The euro fell 0.1 percent to 97.83 yen as of 6:48 a.m. in London after dropping to 97.28, the least since December 2000. The shared currency was little changed at $1.2718 and earlier reached $1.2666, its weakest level since September 2010. The dollar traded at 76.93 yen from 76.97. The Australian currency lost 0.4 percent to $1.0187.

Japan’s markets are closed today for a public holiday.

Merkel, Sarkozy Meeting

German Chancellor Angela Merkel and French President Nicolas Sarkozy meet in Berlin today to flesh out a new rulebook for fiscal discipline negotiated at a Dec. 9 summit that seeks to create a “fiscal compact” for the 17-member euro area. The talks will be followed by a joint press conference.

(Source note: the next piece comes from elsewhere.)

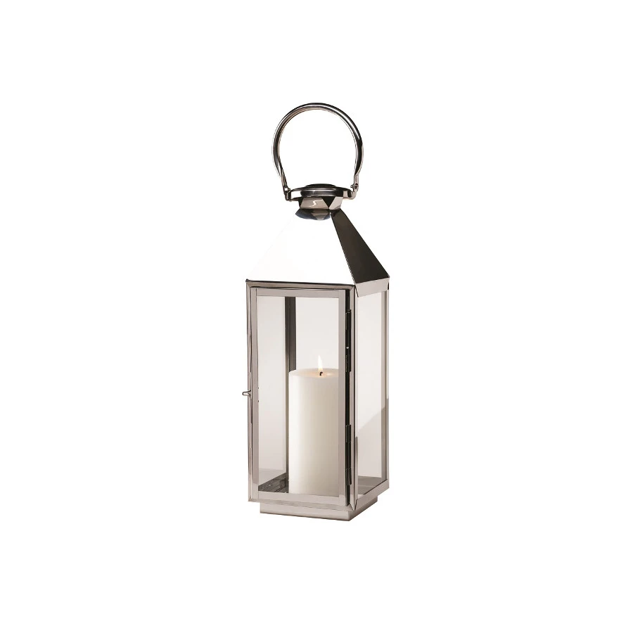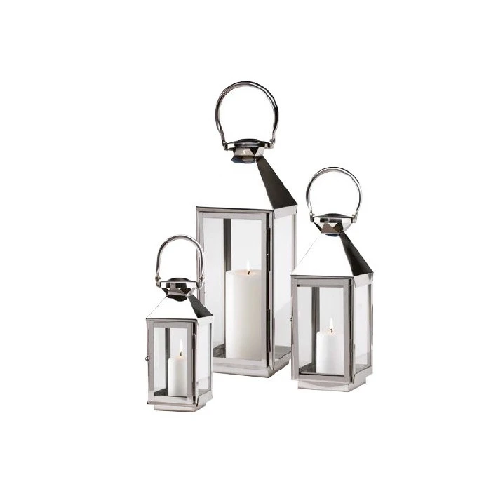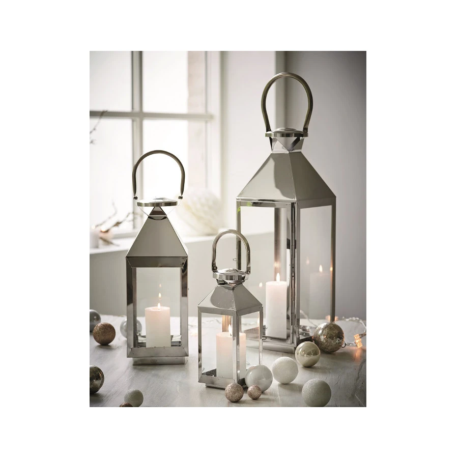 Hohtavan kaunis metallilyhty. Lyhdyssä on tukeva kahva, Materiaali ruostumatonta terästä. Lahjapakkaus. Koot 27 cm, 42 cm, 53,5 cm korkea. Väreinä kromi, kupari, musta. Logokaiverrus eteen alas.
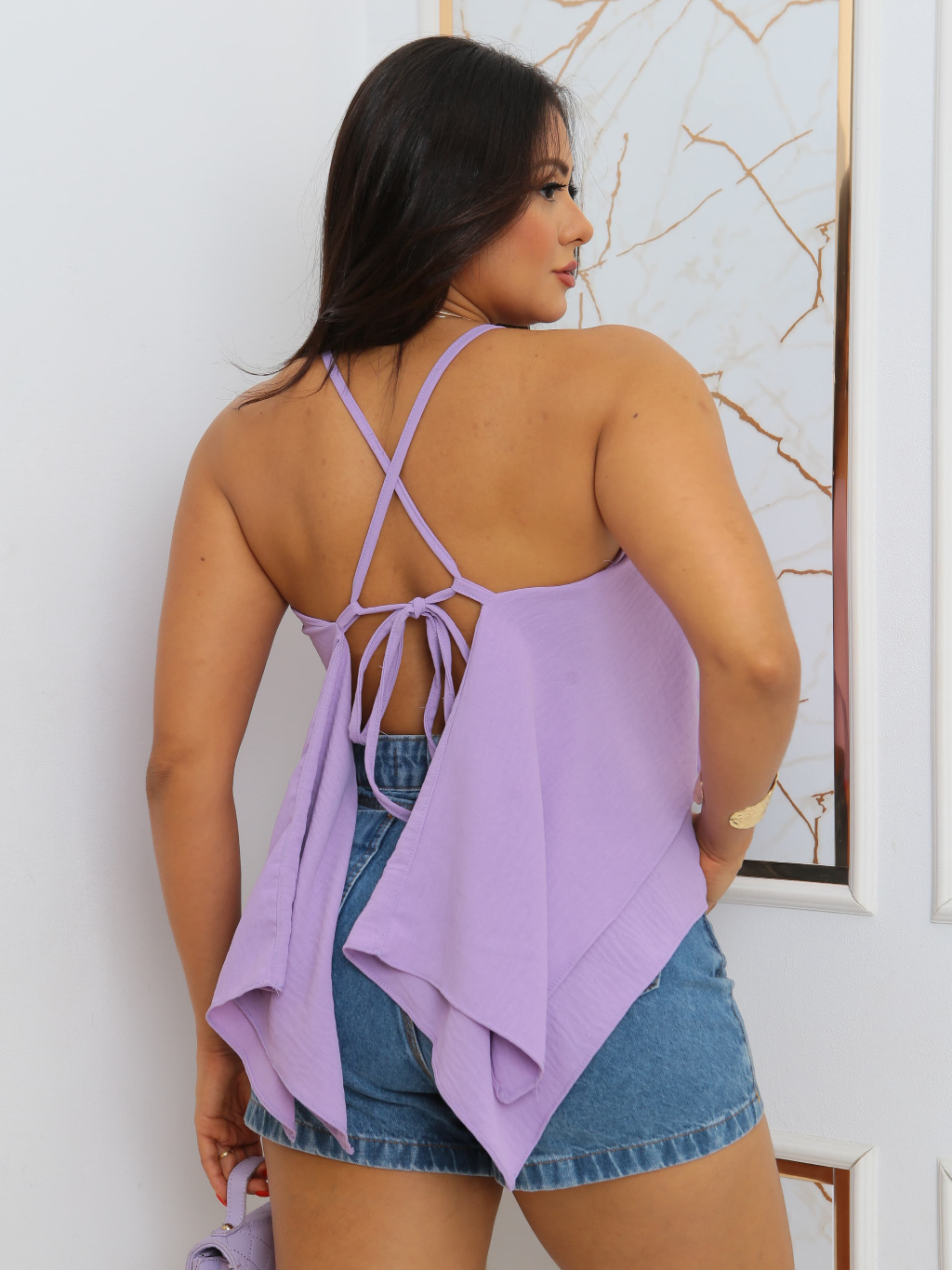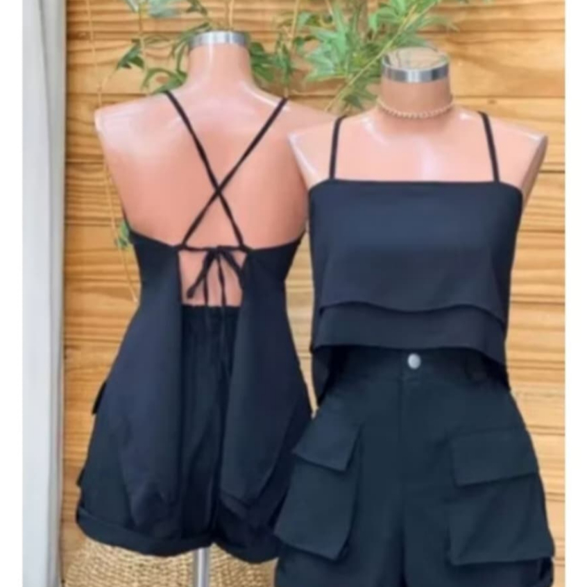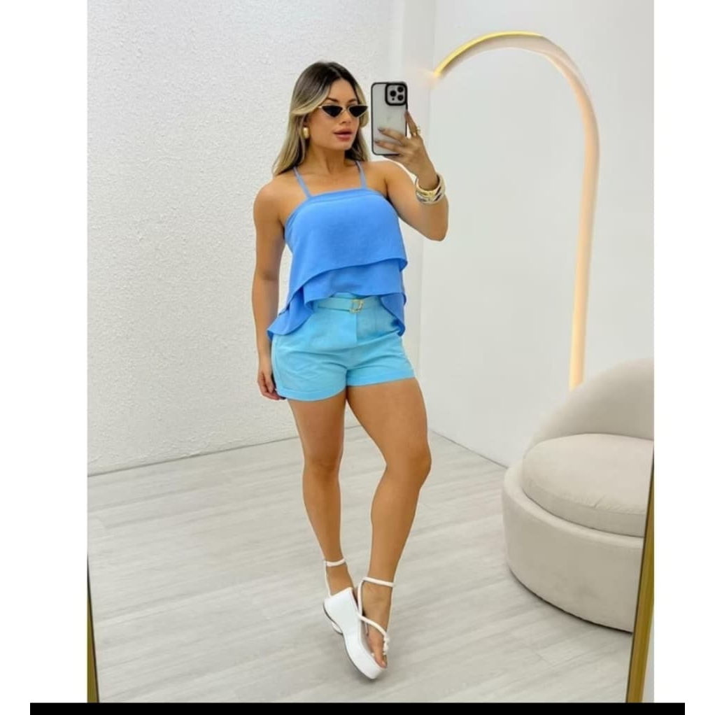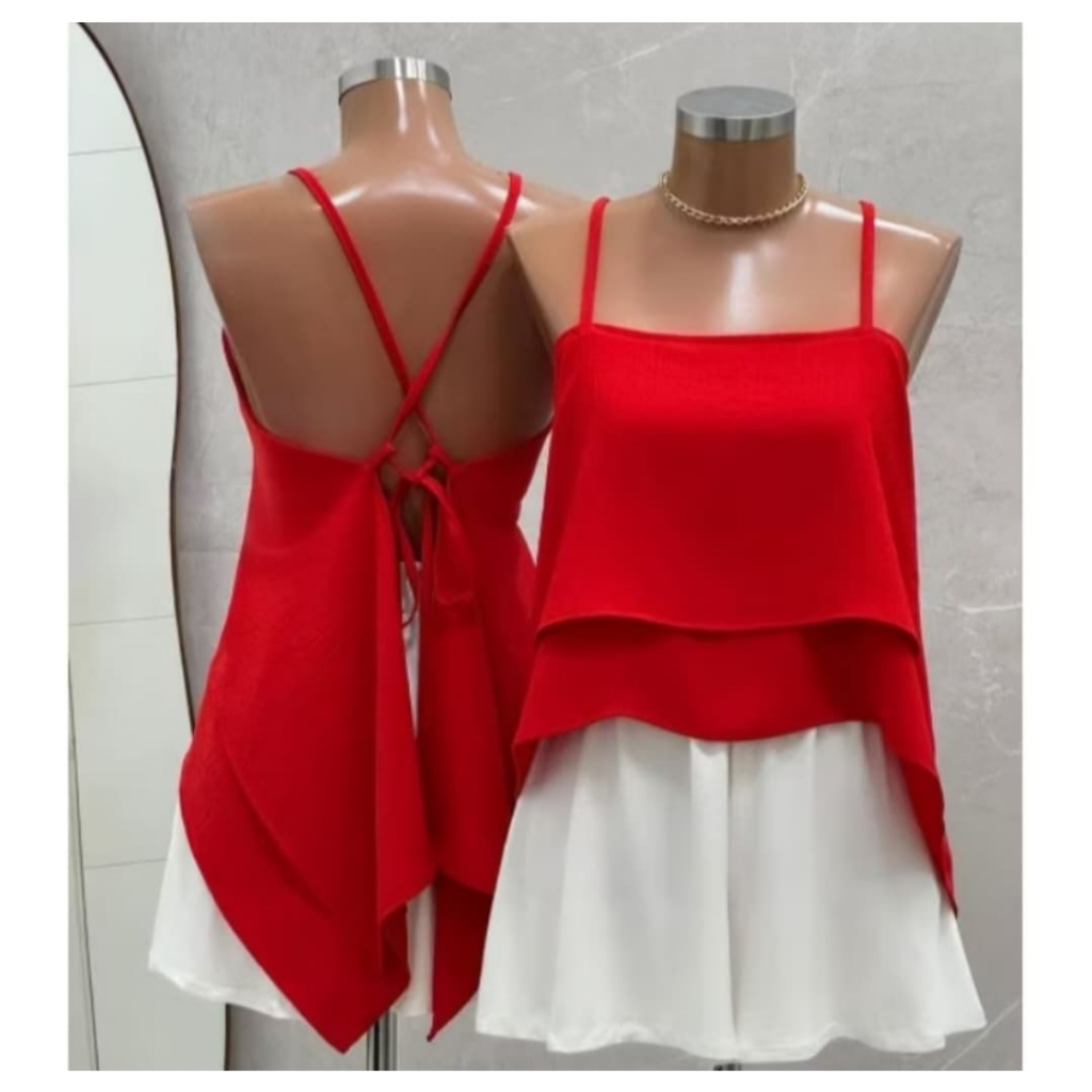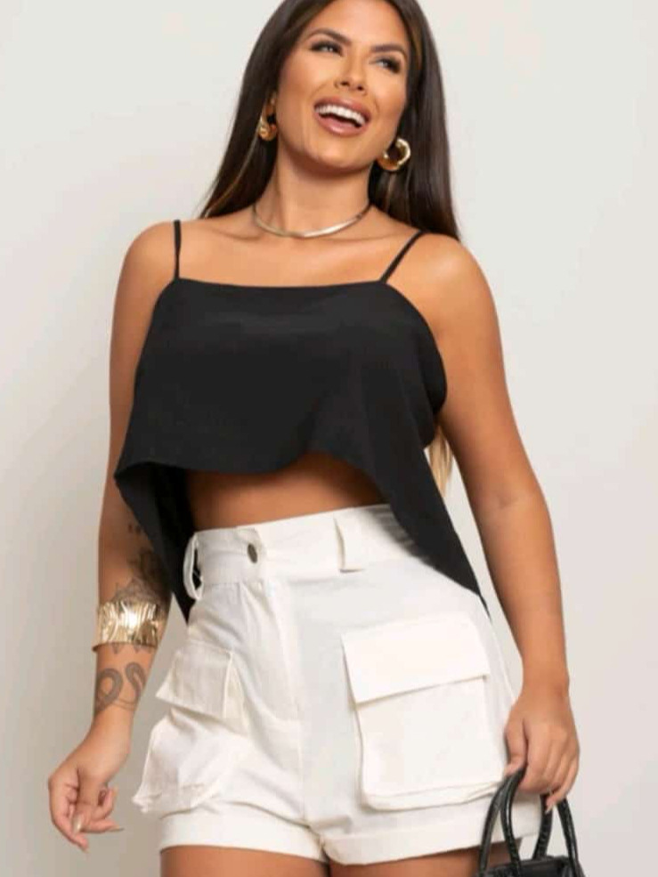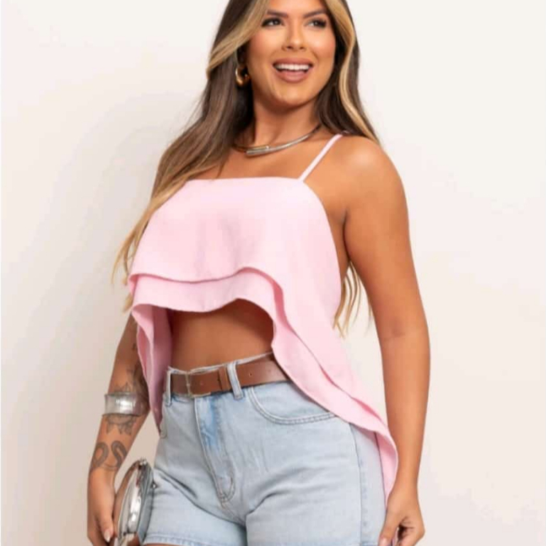 Blusa Cropped Femenina 2 Babados con Alçimha Amarraçao nas costas, con bojo 2025

Spain is scheduled to sell bonds due in 2015 and 2016 on Jan. 12. Italy will auction securities on the same day and on Jan. 13. Spain’s 10-year bond yield climbed seven basis points, or 0.07 percentage point, to 5.71 percent on Jan. 6, while the rate on similar-maturity Italian debt gained four basis points to 7.13 percent, above the 7 percent threshold that led Greece, Portugal and Ireland to seek bailouts.

German industrial production probably dropped 0.5 percent in November after an 0.8 percent increase the previous month, the median estimate of economists surveyed by Bloomberg News showed before the figures are released today. That would be the first slide since September.

‘Steady Underperformance’

“There is legitimate concern over the path to sustainable sovereign debt levels,” Emma Lawson, a currency strategist at National Australia Bank Ltd. in Sydney, wrote in a report today. “With the U.S. data improving, and the European numbers still soft, the euro is likely to continue its steady underperformance.”

The dollar gained 0.8 percent in the past week, the second-best performance among the 10 developed-nation currencies tracked by Bloomberg Correlation-Weighted Indexes.

Figures from the Labor Department on Jan. 6 showed payrolls in the U.S. climbed by 200,000 last month following a revised 100,000 gain in November. The jobless rate unexpectedly fell to 8.5 percent, the lowest level since February 2009.

Confidence among U.S. small companies rose in December for a fourth month, economists in a Bloomberg News poll predicted before tomorrow’s report. The National Federation of Independent Business’s index probably climbed to 94, the highest level since February 2011, from November’s 92, according to the survey’s median forecast.

‘Fundamental Shift’

“The correlation between good U.S. data equaling a weak dollar is beginning to break down now that we’re seeing signs of a more sustained recovery in the U.S.,” said Bank of New Zealand’s Jones. “There’s a clear fundamental shift in favor of the U.S. dollar.”

Alcoa Inc., the largest U.S. aluminum producer, plans to release results today after markets close, the first company in the Dow Jones Industrial Average to report for the quarter. The Dow rose 5.5 percent last year, while the Standard & Poor’s 500 was little changed. The Stoxx Europe 600 Index fell 11 percent and the MSCI Asia Pacific Index plunged 17 percent in 2011.

The Australian dollar weakened after a report from the statistics bureau showed retail sales were unchanged in November. Economists surveyed by Bloomberg had predicted a gain of 0.4 percent.

“The past six months have been an important reminder that small open economies such as Australia are not immune to the broader global business cycle,” Robert Mead, the head of portfolio management in Australia at Pimco, manager of the world’s biggest bond fund, wrote in an e-mailed report today. Pimco predicts further interest-rate cuts from the Reserve Bank of Australia this year.

The Philippine peso declined for a third day before a government report tomorrow that may show overseas shipments dropped 10 percent in November from a year earlier after a 14.6 percent decrease the previous month, according to a Bloomberg survey.

The peso fell 0.2 percent to 44.220 per dollar, according to Tullett Prebon Plc.